The month of June, especially right around this time, always excites for the warm long sunny days ahead, full of life all around and the opportunity to renew and replenish our mind, body and spirit. It also reminds me of how far I’ve come from taking my first official aromatherapy course—hydrosol distillation in the middle of the East Village crossing straight right thru the LGBTQ parade (what an awesome fun day!), to writing this piece for you today.

This is why this year’s Summer Solstice in particular is special to me. It marks a new chapter a new beginning of brighter days ahead.

As you know I’m a life-long learner and never stop learning something new!

After obtaining my certified aromatherapy practitioner certification at The School of Aromatic Studies last year, encouraged by my friend Molly Graze of Mollycat Mosaics, every day I’m getting one step closer to my set intention of obtaining my clinical aromatherapy certification by the end of the Summer. It’s taking me a bit longer than expected, but what hasn't these days. Then it’s onward to continuing my herbalism studies and realizing my dream of offering you a true holistic immersive experience and a softer place to land. More on that as it starts coming together.
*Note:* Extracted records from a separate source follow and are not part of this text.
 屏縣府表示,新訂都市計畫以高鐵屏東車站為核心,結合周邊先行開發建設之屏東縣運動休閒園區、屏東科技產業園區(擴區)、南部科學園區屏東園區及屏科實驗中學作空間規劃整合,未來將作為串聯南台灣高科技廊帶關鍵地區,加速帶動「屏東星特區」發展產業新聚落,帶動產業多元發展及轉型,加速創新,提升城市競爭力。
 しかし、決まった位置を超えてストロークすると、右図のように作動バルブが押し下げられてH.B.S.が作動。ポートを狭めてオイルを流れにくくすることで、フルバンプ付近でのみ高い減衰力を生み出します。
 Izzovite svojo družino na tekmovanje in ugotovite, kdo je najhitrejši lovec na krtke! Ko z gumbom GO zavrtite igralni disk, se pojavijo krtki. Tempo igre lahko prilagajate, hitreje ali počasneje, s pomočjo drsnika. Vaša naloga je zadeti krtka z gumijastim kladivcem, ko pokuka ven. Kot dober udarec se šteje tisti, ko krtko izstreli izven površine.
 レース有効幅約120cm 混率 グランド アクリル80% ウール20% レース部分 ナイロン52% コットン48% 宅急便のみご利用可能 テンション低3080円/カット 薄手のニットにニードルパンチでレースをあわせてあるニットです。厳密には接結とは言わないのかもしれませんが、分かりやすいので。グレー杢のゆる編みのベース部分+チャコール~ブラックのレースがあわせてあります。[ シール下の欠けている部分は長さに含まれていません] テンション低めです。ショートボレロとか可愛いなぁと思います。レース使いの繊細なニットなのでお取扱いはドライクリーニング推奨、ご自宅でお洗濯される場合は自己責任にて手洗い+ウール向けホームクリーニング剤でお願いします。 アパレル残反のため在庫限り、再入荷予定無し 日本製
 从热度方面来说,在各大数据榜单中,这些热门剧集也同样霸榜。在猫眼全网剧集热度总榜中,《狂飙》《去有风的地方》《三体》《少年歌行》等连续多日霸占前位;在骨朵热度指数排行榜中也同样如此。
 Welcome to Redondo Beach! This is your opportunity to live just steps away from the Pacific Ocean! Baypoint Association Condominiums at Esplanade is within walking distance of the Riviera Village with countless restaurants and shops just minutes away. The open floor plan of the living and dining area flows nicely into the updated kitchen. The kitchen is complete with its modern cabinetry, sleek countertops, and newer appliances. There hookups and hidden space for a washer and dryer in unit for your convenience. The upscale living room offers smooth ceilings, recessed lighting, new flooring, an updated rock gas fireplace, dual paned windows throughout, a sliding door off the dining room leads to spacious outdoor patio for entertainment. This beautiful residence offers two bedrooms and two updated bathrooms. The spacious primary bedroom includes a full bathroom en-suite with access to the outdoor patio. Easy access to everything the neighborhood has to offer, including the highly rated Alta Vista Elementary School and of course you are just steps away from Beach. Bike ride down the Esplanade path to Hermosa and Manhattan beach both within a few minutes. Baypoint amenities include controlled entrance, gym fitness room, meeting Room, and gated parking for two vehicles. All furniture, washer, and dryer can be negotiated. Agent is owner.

Shhh! There are clues in the podcast so tune in!

In the meantime, let’s continue enjoying the energy of plants, their healing goodness, each other and longer warmer days ahead, savoring every moment one aromatic day at a time.

Looking forward to steeping moon tea outdoors in its path on Sunday night and for my summer beauties to bloom: Lavender, St. John’s Wort and Echinacea all showing signs of growth.

I’ll be sharing them with you soon!

This time of year is truly energizing! Isn’t it?

What’s energizing and nurturing you this June?


Gardening Tips

To safely get rid of aphids, millipedes and to deter Japanese Beetles:

First, spray plants briskly with a garden hose, then add 1.5 teaspoons of unscented Castile soap to 30 oz. of distilled water in a spray bottle and spray critters every couple of days for two weeks until they are completely gone.

Keep an eye on the plants and rinse and repeat as needed.

To safely discourage larger critters nibbling on your prized plants drizzle garlic oil around their parameter, once every week or so, depending on the rainfall. Keep an eye on the plants and rinse and repeat as needed.